Автор книги: Лючия Робсон Сен-Клер



сообщить о нарушении

Текущая страница: 25 (всего у книги 45 страниц)

ГЛАВА 41
Заостри двойное зрение

То, что глава театра оказался старым знакомым Кошечки, заставило ее изменить свои намерения. С Ситисабуро она должна увидеться наедине. Чтобы добиться такого свидания, надо одеться получше. Низко надвинув бамбуковую шляпу и держа посох в руке, Кошечка повела Касанэ в лавку торговца поношенной одеждой, стоявшую как раз поблизости от ворот храма.

Беглянки сняли сандалии, раздвинули синие короткие занавески и шагнули с улицы на покрытый татами пол-помост лавки. Хозяин и приказчики весело приветствовали уважаемых покупательниц. Один из приказчиков принялся готовить путницам чай. Кошечка закурила трубку. Другой служащий раздул веером угли в фарфоровой жаровне, чтобы согреть прохладное помещение: фасад лавки был открыт.

– Я не достойна такой доброты, младший брат, – робко прошептала Касанэ.

– Достойна! – Кошечка показала рукой на ворох женских одежд: – Выбирай из этого что хочешь.

Потом Кошечка осмотрела мужские наряды. Все они были примерно одного размера, так что с этим проблемы не возникало. Но хозяину пришлось несколько раз посылать мальчиков на склад, прежде чем Кошечка сделала выбор.

Касанэ не привыкла, чтобы ее обслуживали другие люди. Слезы блестели в глазах дочери рыбака, когда она шепнула Кошечке:

– Я никогда ничего не покупала для себя.

Кошечка поняла чувства подружки.
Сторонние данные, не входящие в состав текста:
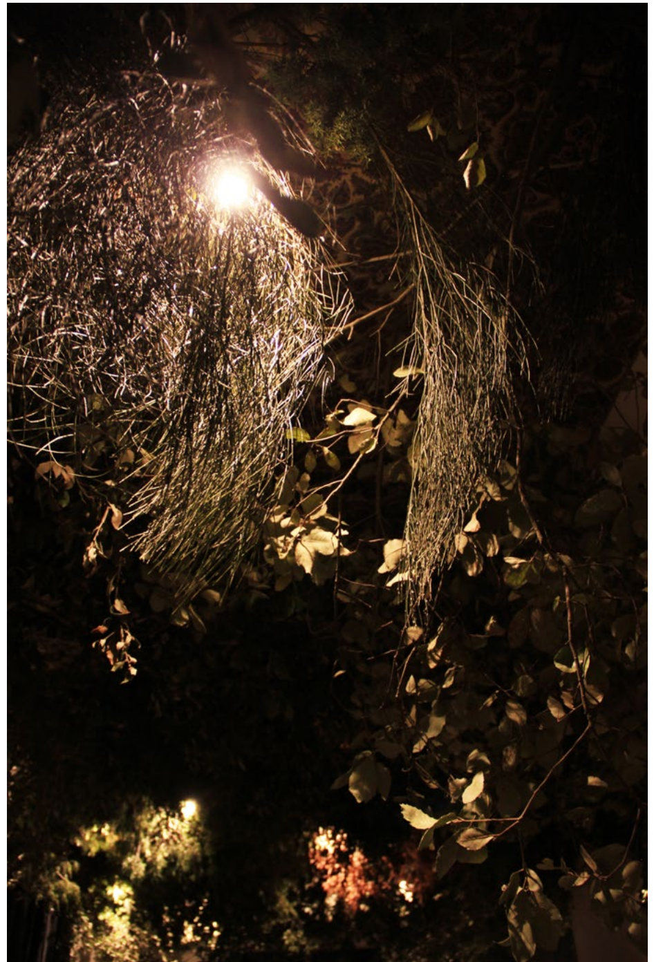
Vue d'exposition à l'exposition collective Partages , Artaïs, curatée par Sylvie Fontaine et Maya Sachweh, octobre 2022, Paris. Co-production avec Artaïs Art Contemporain (Paris) and Distillerie Helvia.

Огромное разнообразие поношенных крестьянских тряпок казалось Касанэ невероятной роскошью.

Чтобы сэкономить деньги, Кошечка поначалу хотела взять в лавке одежду только до следующего утра и вернуть ее после того, как она встретится с Ситисабуро, а Касанэ, хотя бы ненадолго, ослепит своего молодого человека. Но она изменила решение, когда увидела, каким нежным светом засияло лицо Касанэ при взгляде на жалкие товары торговца обносками. Кошечка попросила жену хозяина унести прокатные вещи и принести одежду получше, предназначенную для продажи. Материя этих костюмов слегка выцвела и воротники немного истерлись, но заплат, слава Амиде, на них не было.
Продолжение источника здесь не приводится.